The rise in obesity in the United States since the 1970s is virtually all due to increased food intake, a public health expert at Deakin University in Melbourne has revealed. Professor Boyd Swinburn worked with researchers from Pennington Biomedical Research Center in the US to determine how much of the obesity epidemic was caused by excess calorie intake and how much by reductions in physical activity.
"There have been a lot of assumptions that both reduced physical activity and increased energy intake have been major drivers of the obesity epidemic," Swinburn says. "Until now, nobody has proposed how to quantify their relative contributions to the rise in obesity since the 1970s. This study demonstrates that the weight gain in the American population seems to be virtually all explained by eating more calories - it appears that reductions in physical activity played a minimal role."

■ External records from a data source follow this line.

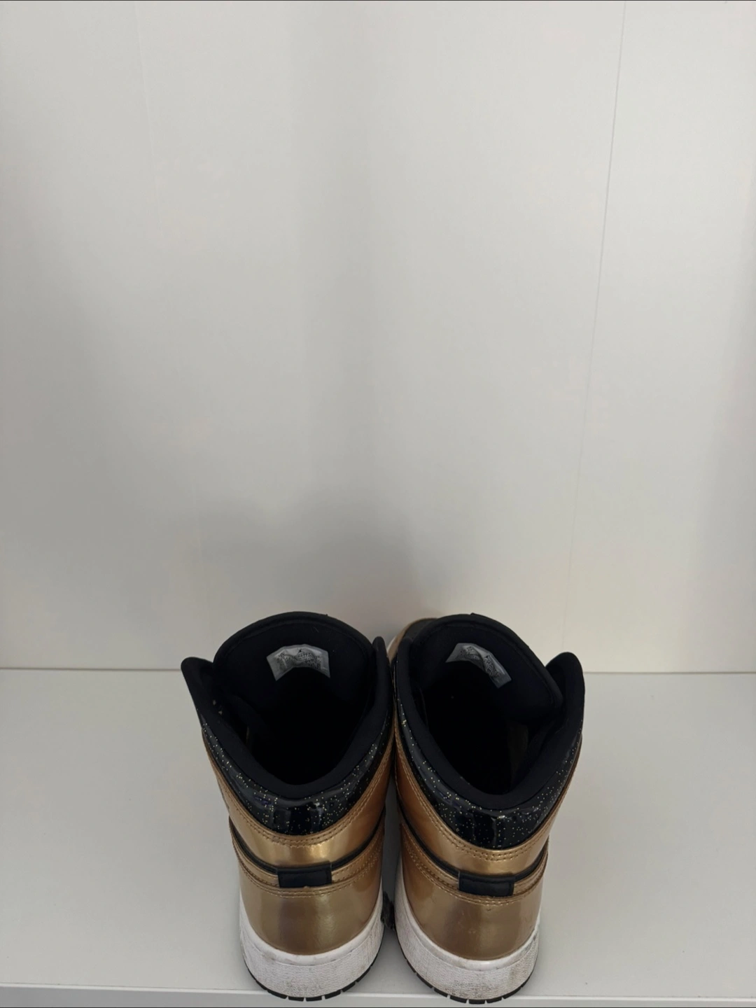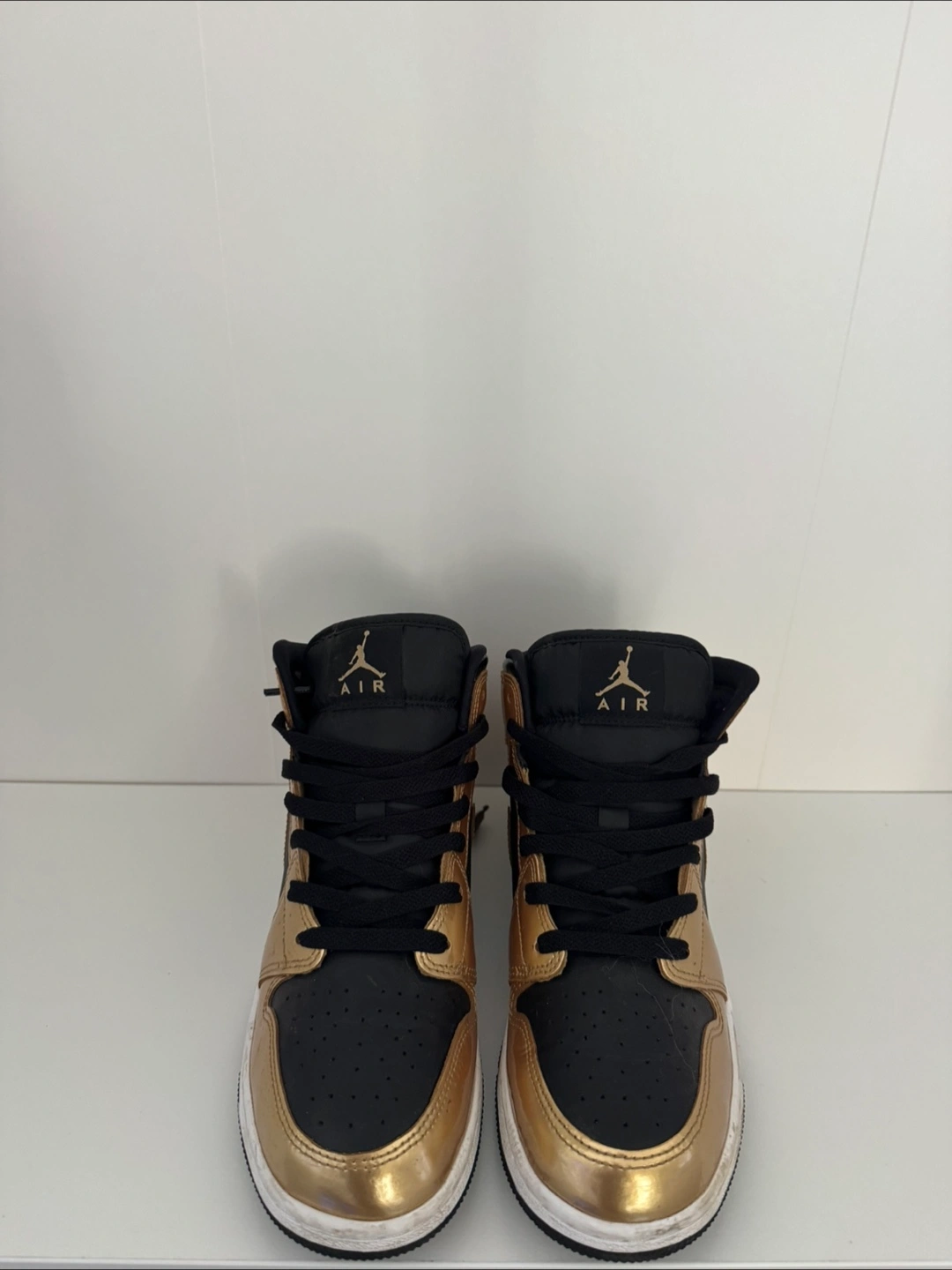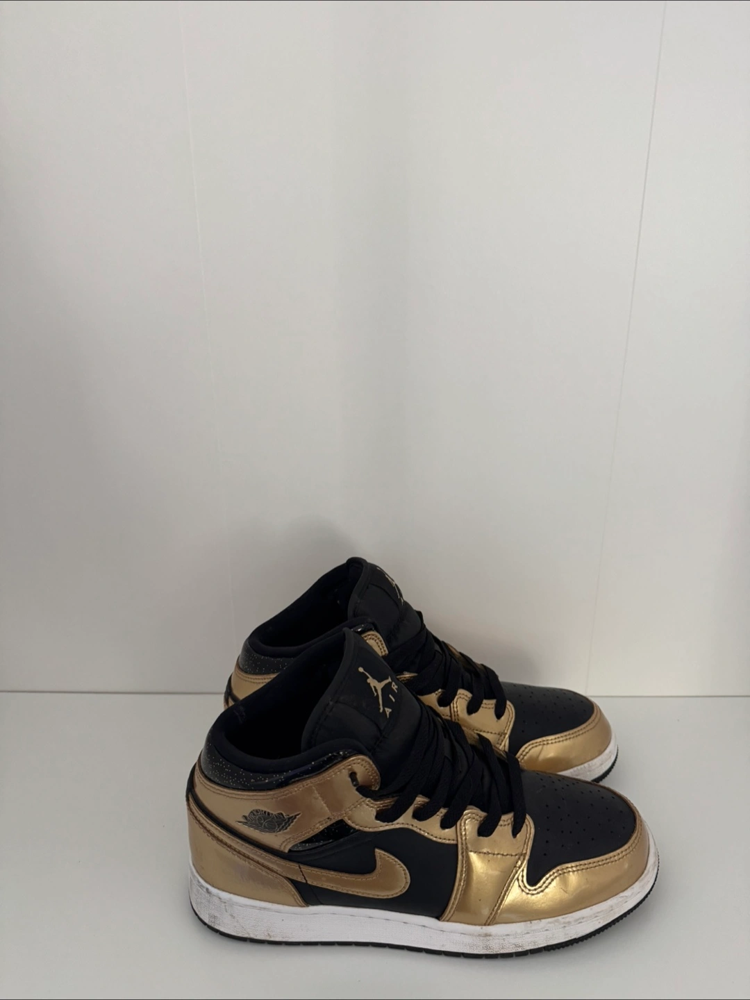 Selling a pair of Air Jordan 1 Mid sneakers in black and gold. They are in great condition and ready for a new home!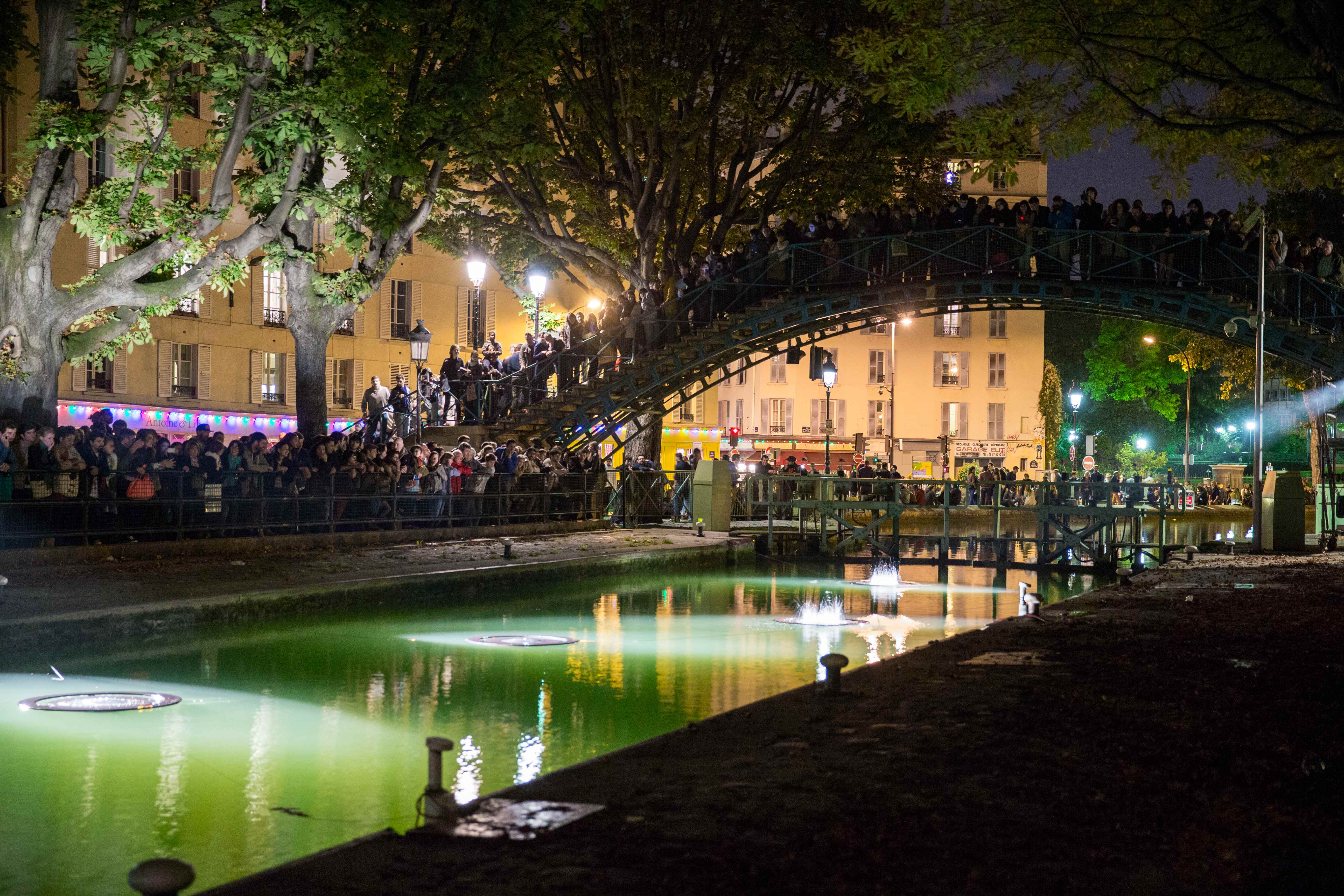 Les parisiens étaient nombreux dans la nuit du 5 au 6 octobre 2013 à arpenter les rues de Paris pour aller à la découverte des nombreuses oeuvres proposées dans le cadre de la Nuit Blanche 2013. Parmi celles-ci, la fosse d’orchestre de Rosa Barba était un dispositif sonore placé sous l’eau qui diffusait une composition de musique électronique faisant vibrer la surface des eaux du canal Saint-Martin. L’eau semblait avoir les propriétés d’une plaque sensible, le son s’y imprimant et étant révélé par le mouvement des jets d’eau.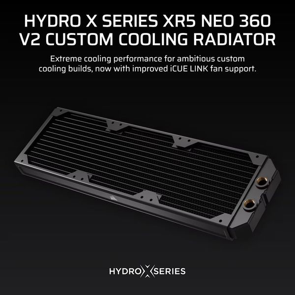 Το CORSAIR Hydro X Series XR5 NEO 360 V2 είναι ένα υψηλής απόδοσης ψυγείο custom υδρόψυξης, σχεδιασμένο για enthusiasts που αναζητούν κορυφαία θερμική απόδοση σε απαιτητικά συστήματα. Με πάχος 30mm και πτερύγια 25 micron, εξασφαλίζει άριστη απαγωγή θερμότητας ακόμη και σε ισχυρά loops με πολλαπλά blocks. Η υποστήριξη iCUE LINK επιτρέπει καθαρή διαχείριση καλωδίων και ευελιξία σε push-pull διαμορφώσεις, ενώ οι Screw Protection Plates αποτρέπουν τυχόν ζημιά στο core από υπερβολικό σφίξιμο. Η κατασκευή από χαλκό και ορείχαλκο εγγυάται αντοχή και μέγιστη θερμική αγωγιμότητα, καθιστώντας το XR5 NEO 360 V2 ιδανική επιλογή για high-end builds με στόχο τις χαμηλότερες δυνατές θερμοκρασίες. - Υλικό: Χαλκός / Ορείχαλκος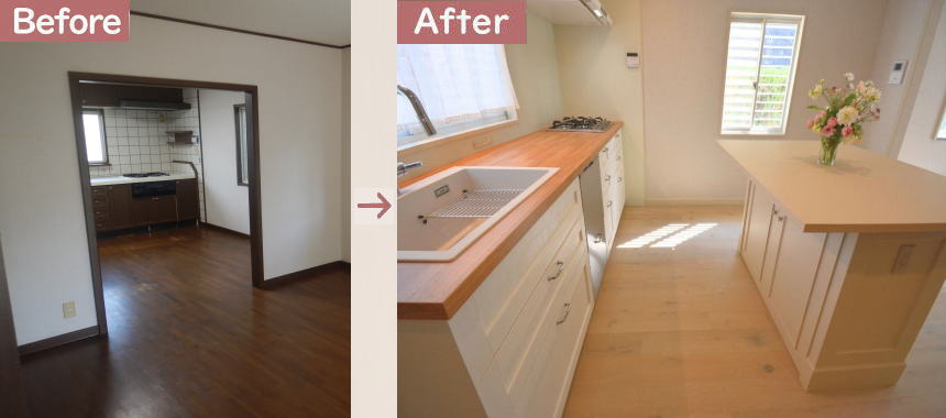 *以前はハウスメーカーの戸建のキッチンスペース。リノベーションで理想のキッチンに変身。配膳いらず、出来た料理はカウンターに並べてすぐに食べれる!食べ終わったらお皿はシンクへさっとIN!効率よく家事ができるので時短にも。お忙しい方専用にカスタマイズすれば、心強い味方に!あたなだけのMyキッチンの完成です。

While the study used US data, Swinburn believes a similar situation is likely to apply in Australia. But for developing countries undergoing rapid economic transition and urbanisation, it is likely reduced physical activity is playing a larger role in their obesity epidemic.
The research is the first to examine the question of the proportional contributions to obesity by combining metabolic relationships, the laws of thermodynamics, epidemiological data and agricultural data. By analysing a range of data, the researchers predicted how much weight they would expect Americans to have gained over the 30-year period studied if food intake was the only influence and compared that to actual weight gain over that time.
They found that in children, the predicted and actual weight increase matched exactly, indicating the increases in energy intake alone over the 30 years studied could explain the weight increase.
"For children, the predicted weight gain of 4.0 kg matched the actual weight gain and for adults, the predicted weight gain of 10.8 kg was a little more than the actual gain of 8.6 kg," Swinburn says.
"To return to the average weights of the 1970s, we would need to reverse the increased food intake of about 350 calories a day for children (about one can of soft drink and a small portion of French fries) and almost 500 calories a day for adults (about one large hamburger).
"Alternatively, we could achieve similar results by increasing physical activity by about 150 minutes a day of extra walking for children and 110 minutes for adults. But realistically, although a combination of both is needed, the focus would have to be on reducing calorie intake."
Swinburn emphasises that physical activity should not be ignored as a contributor to reducing obesity and should continue to be promoted because of its many other benefits. But that expectations regarding what can be achieved with exercise need to be lowered and public health policy shifted more toward reducing excess energy intake.